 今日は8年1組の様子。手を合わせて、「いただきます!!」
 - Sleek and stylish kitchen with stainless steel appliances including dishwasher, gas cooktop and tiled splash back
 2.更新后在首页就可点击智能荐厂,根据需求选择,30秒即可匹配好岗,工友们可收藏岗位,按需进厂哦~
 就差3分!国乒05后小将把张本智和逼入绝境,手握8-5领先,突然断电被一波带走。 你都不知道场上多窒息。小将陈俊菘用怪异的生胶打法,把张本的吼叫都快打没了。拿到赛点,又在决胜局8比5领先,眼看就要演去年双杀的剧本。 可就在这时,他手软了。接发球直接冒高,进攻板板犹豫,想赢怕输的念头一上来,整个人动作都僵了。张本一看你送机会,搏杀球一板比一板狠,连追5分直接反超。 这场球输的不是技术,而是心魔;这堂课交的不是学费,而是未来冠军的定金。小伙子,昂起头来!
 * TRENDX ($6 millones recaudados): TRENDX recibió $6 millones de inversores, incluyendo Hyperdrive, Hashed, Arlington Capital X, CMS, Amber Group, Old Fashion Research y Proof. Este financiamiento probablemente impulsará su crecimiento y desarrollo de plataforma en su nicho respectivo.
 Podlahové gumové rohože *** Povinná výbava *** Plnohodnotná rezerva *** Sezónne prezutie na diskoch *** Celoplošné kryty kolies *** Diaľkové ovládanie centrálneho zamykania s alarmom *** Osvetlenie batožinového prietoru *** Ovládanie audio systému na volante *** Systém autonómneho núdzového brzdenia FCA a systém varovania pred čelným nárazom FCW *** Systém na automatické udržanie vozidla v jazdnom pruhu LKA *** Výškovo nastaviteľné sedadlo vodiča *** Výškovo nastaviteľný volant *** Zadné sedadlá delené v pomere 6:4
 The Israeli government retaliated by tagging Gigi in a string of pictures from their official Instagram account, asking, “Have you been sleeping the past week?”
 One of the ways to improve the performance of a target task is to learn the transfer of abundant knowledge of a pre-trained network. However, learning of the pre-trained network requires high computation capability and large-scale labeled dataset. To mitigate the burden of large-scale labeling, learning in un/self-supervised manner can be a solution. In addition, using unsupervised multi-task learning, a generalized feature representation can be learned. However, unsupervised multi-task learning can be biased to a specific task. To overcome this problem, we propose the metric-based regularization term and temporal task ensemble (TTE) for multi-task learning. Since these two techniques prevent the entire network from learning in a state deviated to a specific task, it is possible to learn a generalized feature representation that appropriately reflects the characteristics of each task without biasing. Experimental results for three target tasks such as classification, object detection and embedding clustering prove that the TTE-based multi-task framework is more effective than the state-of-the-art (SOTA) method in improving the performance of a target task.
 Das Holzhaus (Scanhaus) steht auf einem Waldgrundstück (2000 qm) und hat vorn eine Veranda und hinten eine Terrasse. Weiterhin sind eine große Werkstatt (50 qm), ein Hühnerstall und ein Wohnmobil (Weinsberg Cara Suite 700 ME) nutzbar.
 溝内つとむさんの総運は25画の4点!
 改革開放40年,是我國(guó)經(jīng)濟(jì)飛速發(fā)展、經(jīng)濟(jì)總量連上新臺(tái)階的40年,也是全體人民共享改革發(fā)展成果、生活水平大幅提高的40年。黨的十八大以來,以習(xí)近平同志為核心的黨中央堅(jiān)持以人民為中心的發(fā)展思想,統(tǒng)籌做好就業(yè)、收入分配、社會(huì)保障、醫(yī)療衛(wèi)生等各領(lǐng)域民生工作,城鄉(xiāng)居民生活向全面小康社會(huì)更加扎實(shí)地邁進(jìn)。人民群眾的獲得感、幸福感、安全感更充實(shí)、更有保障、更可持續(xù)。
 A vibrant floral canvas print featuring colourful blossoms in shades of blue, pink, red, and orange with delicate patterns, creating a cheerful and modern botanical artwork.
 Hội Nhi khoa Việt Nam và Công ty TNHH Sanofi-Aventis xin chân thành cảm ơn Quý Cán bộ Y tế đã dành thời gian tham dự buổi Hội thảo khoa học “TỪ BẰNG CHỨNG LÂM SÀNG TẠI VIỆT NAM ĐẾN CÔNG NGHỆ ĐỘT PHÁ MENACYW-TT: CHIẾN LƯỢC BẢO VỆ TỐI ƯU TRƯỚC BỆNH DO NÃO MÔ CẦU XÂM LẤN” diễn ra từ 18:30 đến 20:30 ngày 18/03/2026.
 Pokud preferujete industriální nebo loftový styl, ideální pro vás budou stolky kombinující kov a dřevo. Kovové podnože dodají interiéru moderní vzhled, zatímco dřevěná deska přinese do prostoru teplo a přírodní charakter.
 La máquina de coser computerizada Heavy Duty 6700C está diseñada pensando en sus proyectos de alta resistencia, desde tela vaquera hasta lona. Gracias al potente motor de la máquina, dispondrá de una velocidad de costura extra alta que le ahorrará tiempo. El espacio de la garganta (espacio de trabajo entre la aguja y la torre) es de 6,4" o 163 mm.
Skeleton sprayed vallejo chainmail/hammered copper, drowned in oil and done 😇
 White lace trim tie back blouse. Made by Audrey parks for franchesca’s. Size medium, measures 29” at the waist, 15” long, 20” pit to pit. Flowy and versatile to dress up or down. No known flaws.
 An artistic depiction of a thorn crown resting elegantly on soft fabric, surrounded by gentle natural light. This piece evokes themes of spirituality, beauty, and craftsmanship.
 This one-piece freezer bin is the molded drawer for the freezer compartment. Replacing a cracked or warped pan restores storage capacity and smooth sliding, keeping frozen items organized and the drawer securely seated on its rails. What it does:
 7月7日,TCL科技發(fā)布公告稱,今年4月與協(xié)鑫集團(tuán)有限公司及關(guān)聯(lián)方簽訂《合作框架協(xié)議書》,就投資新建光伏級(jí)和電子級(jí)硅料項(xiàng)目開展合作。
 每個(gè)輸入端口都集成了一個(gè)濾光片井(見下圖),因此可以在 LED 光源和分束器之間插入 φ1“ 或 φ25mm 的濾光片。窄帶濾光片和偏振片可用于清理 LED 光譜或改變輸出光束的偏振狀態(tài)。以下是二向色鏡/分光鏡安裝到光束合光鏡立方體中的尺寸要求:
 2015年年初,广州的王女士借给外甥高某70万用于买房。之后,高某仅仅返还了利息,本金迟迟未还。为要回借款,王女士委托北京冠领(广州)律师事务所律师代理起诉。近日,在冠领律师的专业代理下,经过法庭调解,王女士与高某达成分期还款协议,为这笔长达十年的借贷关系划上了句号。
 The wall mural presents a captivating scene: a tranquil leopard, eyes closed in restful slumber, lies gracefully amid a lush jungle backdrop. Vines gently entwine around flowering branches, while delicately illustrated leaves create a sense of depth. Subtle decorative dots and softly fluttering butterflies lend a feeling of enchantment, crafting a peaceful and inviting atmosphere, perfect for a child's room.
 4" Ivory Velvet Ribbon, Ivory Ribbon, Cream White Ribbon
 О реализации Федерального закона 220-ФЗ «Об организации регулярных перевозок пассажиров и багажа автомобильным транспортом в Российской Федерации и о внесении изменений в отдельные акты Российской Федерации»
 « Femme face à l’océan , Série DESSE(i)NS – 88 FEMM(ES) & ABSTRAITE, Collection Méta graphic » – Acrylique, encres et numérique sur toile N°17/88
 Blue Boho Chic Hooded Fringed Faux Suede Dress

____

* TASK DETAILS: Repeat exactly the lines of the listing above, from the one with "Cream White Ribbon" down to the one with "О реализации Федерального"; both of those lines belong in the range.

* PROBLEM SOLUTION:
 4" Ivory Velvet Ribbon, Ivory Ribbon, Cream White Ribbon
 О реализации Федерального закона 220-ФЗ «Об организации регулярных перевозок пассажиров и багажа автомобильным транспортом в Российской Федерации и о внесении изменений в отдельные акты Российской Федерации»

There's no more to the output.